Петербург. Стихотворения (Сборник) - Белый Андрей. Страница 120

– «Само собой: барыня из кареты выходит; только барыня – вижу я – смущены при таком при случае: улыбаются там – не в своем в полном виде; себя самих для куражу: за подбородок хватаются; ну, бедно, скажу вам, одеты; на перчатках-то дыры; не заштопаны, вижу, перчатки: может, некому штопать; в Гишпании, может, не штопают…»

– «Рассказывай, ладно уж!..»

– «Я и так говорю: барин же, барин наш Аполлон Аполлонович, всякую авантажность посбросили; стоят у кареты, над лужею, под дождем; дождь – Бог ты мой! Барин ежится, будто на месте забегали, притопатывают на месте носками; а как барыня при сходе с подножки вся на руку на их навалилась – ведь барыня грузная – барин наш так весь даже присел; крохотного барин росточка; ну, куды же им, думаю, грузную такую сдержать! Силенки не хватит…»

– «Не плети белиндрясов; рассказывай».

– «Я не плету белиндрясов; я и так говорю, да и што говорить… Тут вот Митрий Семеныч расскажет: они повстречали в передней… Что рассказывать-то? Барин барыне только всего и сказали: мол, милости просим, сказали – пожалуйте, мол, Анна Петровна… Тут я их и признал».

– «Ну и что ж?»

– Постарели… Спервоначалу-то не узнал; а потом их узнал, потому еще помню: гостинцем кормила».

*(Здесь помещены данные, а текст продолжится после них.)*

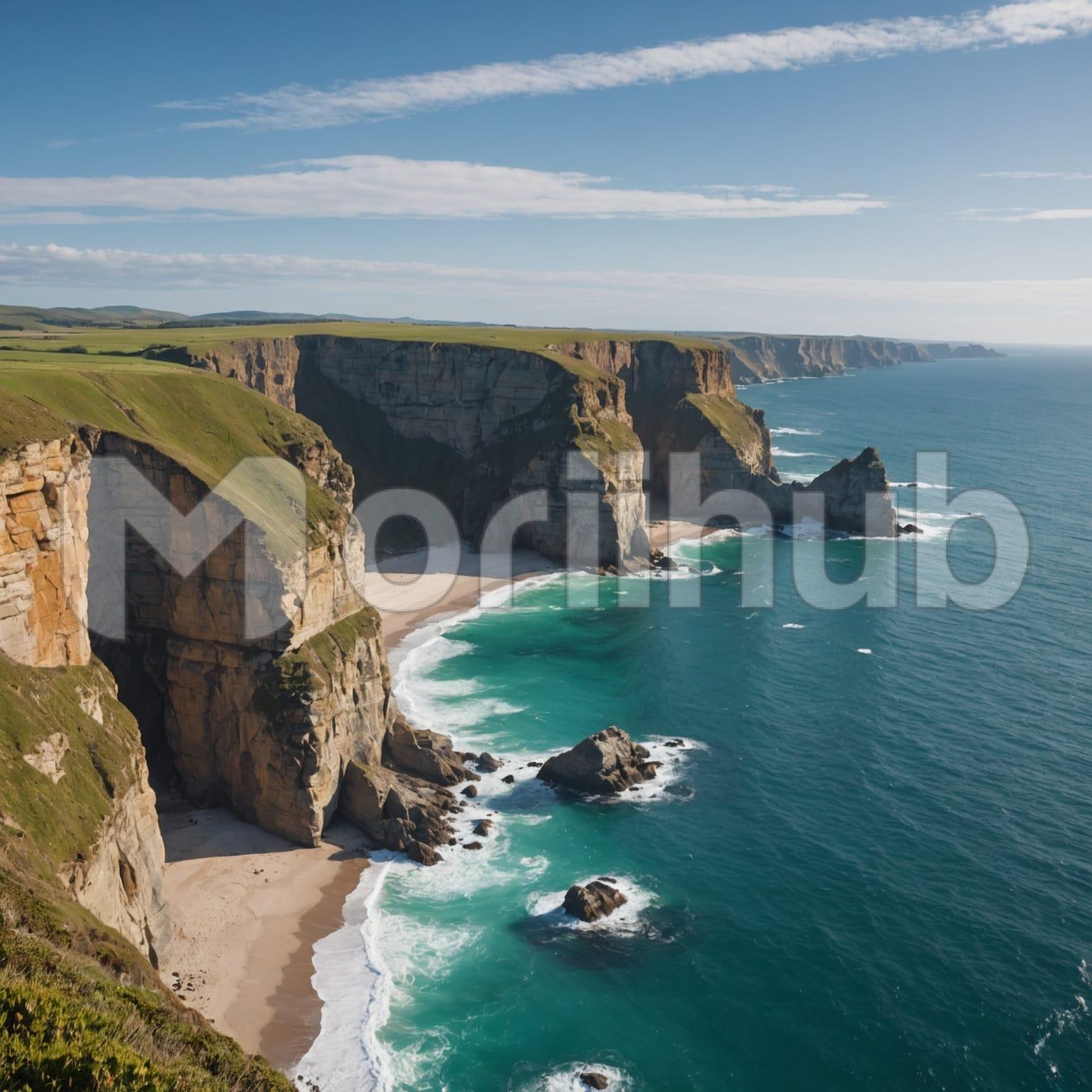 A high cliff overlooks the vast ocean, its rough surface touched by wind and time. Below, waves roll steadily, their motion endless and calm beneath the wide open sky. Sparse clouds drift lazily above, casting faint shadows that glide across the water. The air feels cool and light, carrying the distant rhythm of the sea. From the cliff’s edge, the horizon stretches far and clear, a quiet meeting of earth and water that feels both peaceful and infinite, a moment suspended in stillness.

Так впоследствии говорили лакеи.

………………………

Но действительно!

Неожиданный, непредвиденный факт: тому назад два с половиною года, как Анна Петровна уехала от супруга с итальянским артистом; и вот через два с половиною года, покинутая итальянским артистом, от гренадских прекрасных дворцов через цепь Пиренеев, чрез Альпы, чрез горы Тироля примчалась с экспрессом обратно; но всего удивительней то, что сенатору было нельзя заикнуться об Анне Петровне ни два с лишним года, ни даже тому назад – два с половиною дня (еще вчера он топорщился!); два с половиною года Аполлон Аполлонович сознанием избегал даже мысли об Анне Петровне (и все-таки думал о ней); самое звукосочетание «Анна Петровна» разбивалось о барабанную перепонку ушей точно так, как о лоб учительский разбивается брошенная из-под парты хлопушка; только школьный учитель по кафедре разгневанно простучит кулаком; Аполлон Аполлонович же поджимал презрительно губы при звукосочетании этом. Отчего ж при известии о ее возвращении обыкновенный поджим сухих губ разорвался в взволнованно-гневном дрожании челюстей (вчера ночью – при разговоре с Николенькой); отчего не спал ночь? Отчего в течение полусуток тот гнев испарялся куда-то и сменялся щемящей тоскою, переходящей в тревогу? Почему сам не выдержал ожидания, сам поехал в гостиницу? Уговаривал – сам: сам – привез. Что такое случилось там – в гостиничном номере; свое строгое обещание забыла и Анна Петровна: обещание это дала она себе – здесь, вчера: здесь в лакированном доме (посетивши его и никого не застав).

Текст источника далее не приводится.